* **TASK DETAILS**
Dropping every picture, set down exactly the lines in the entries below, starting with the line with "なし母系内のみ なし | |" and going on through the line with "Before moving into".

* **DATA LISTING**
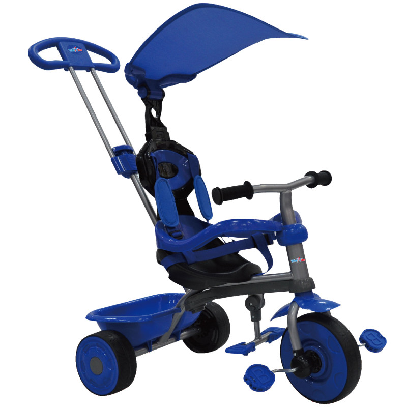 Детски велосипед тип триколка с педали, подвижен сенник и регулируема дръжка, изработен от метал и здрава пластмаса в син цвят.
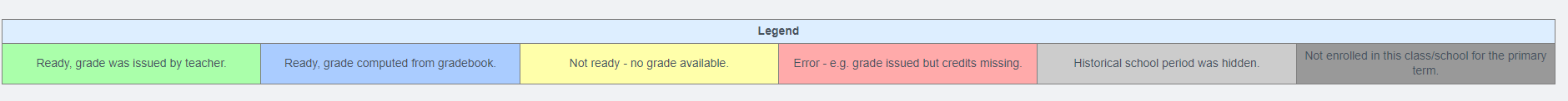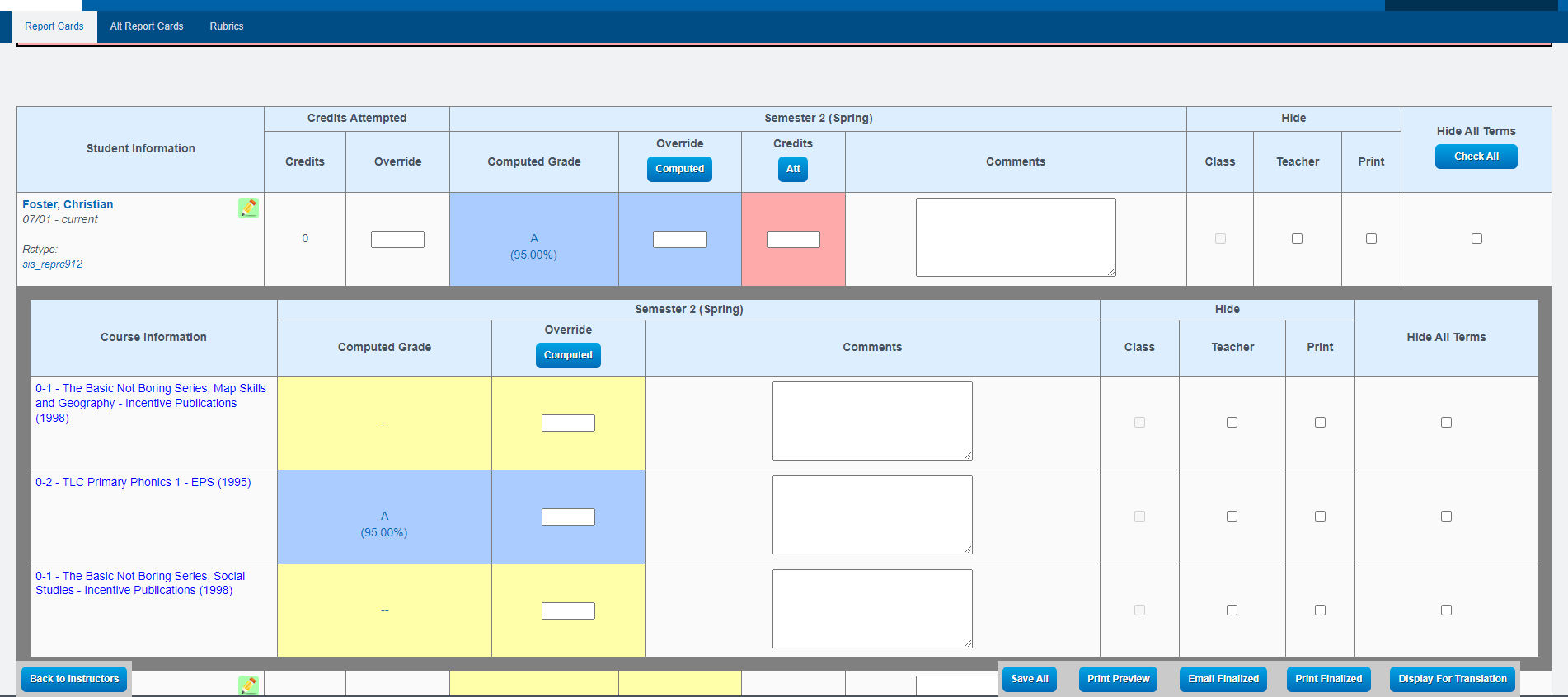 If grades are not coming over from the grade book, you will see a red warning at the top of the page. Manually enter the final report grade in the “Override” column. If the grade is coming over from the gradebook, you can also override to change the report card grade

* * *

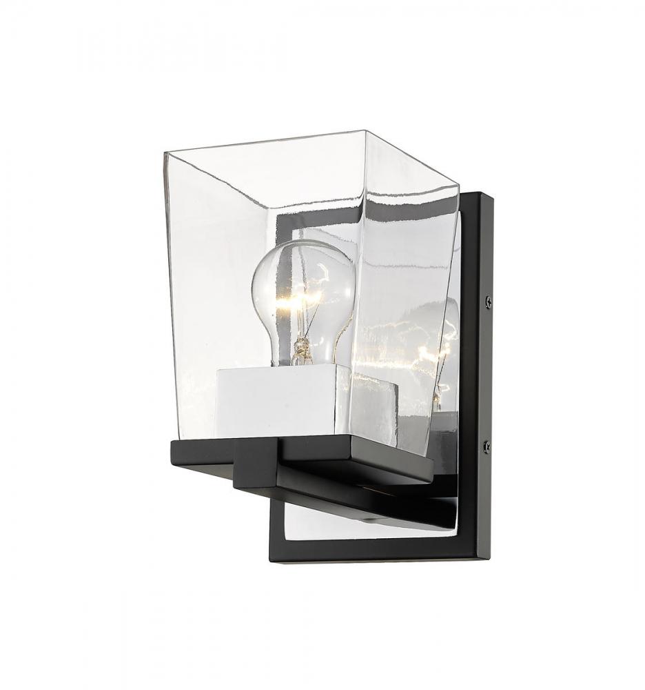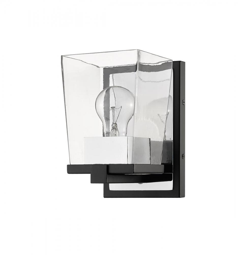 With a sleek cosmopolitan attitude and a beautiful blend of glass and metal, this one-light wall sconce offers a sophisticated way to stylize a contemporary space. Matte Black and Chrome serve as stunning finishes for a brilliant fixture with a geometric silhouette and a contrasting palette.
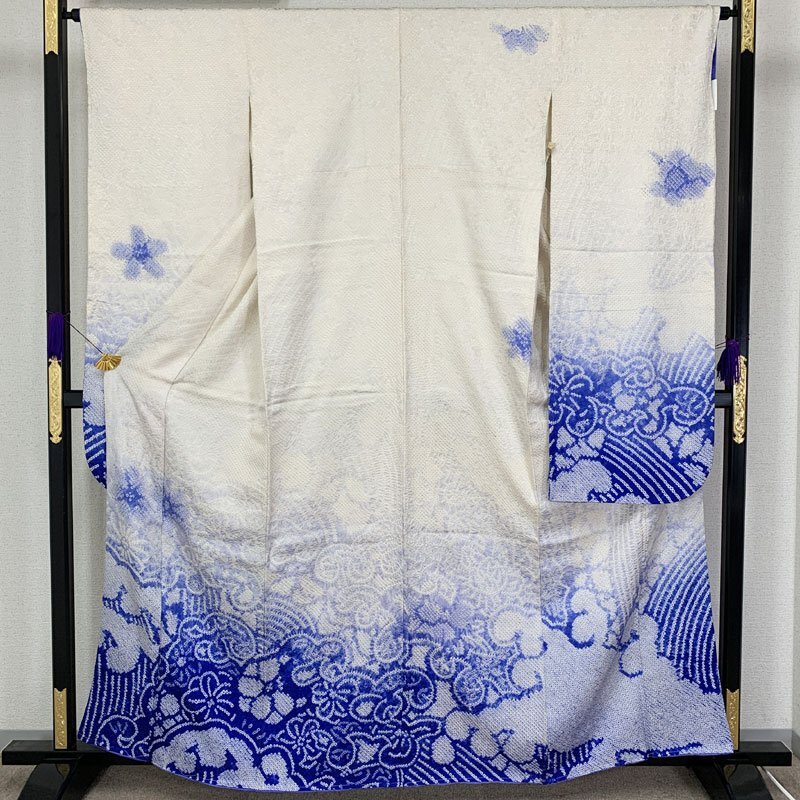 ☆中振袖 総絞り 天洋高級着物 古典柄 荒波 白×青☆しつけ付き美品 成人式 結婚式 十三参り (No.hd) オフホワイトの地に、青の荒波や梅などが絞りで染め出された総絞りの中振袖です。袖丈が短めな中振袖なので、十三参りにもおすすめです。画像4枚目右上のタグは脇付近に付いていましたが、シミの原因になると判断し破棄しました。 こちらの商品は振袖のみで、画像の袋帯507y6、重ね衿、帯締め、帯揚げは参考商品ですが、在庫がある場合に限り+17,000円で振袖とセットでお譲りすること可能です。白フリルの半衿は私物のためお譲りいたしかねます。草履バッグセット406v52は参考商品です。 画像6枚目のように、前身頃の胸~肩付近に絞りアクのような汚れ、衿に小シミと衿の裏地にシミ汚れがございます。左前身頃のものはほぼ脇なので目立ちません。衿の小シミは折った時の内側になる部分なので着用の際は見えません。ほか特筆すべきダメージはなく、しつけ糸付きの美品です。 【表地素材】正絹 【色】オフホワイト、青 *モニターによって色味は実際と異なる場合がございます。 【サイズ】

* * *

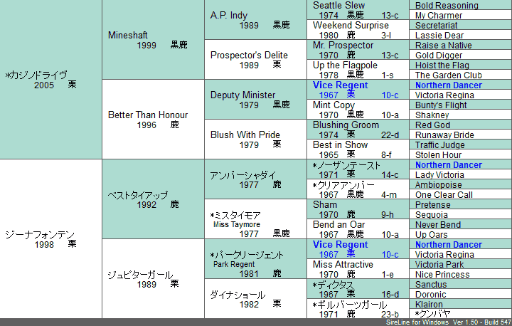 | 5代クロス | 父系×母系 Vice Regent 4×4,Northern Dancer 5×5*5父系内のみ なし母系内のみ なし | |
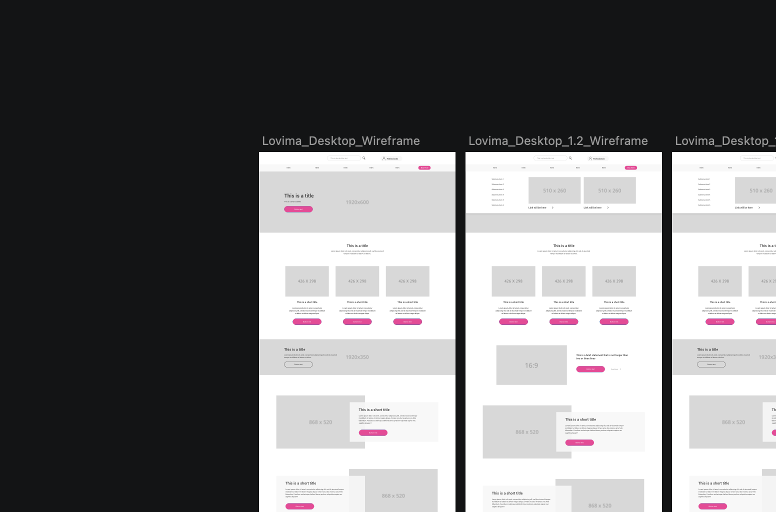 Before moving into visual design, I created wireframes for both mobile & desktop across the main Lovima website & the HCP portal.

* **RESPONSE TO THIS EXERCISE**
 | 5代クロス | 父系×母系 Vice Regent 4×4,Northern Dancer 5×5*5父系内のみ なし母系内のみ なし | |
 Before moving into visual design, I created wireframes for both mobile & desktop across the main Lovima website & the HCP portal.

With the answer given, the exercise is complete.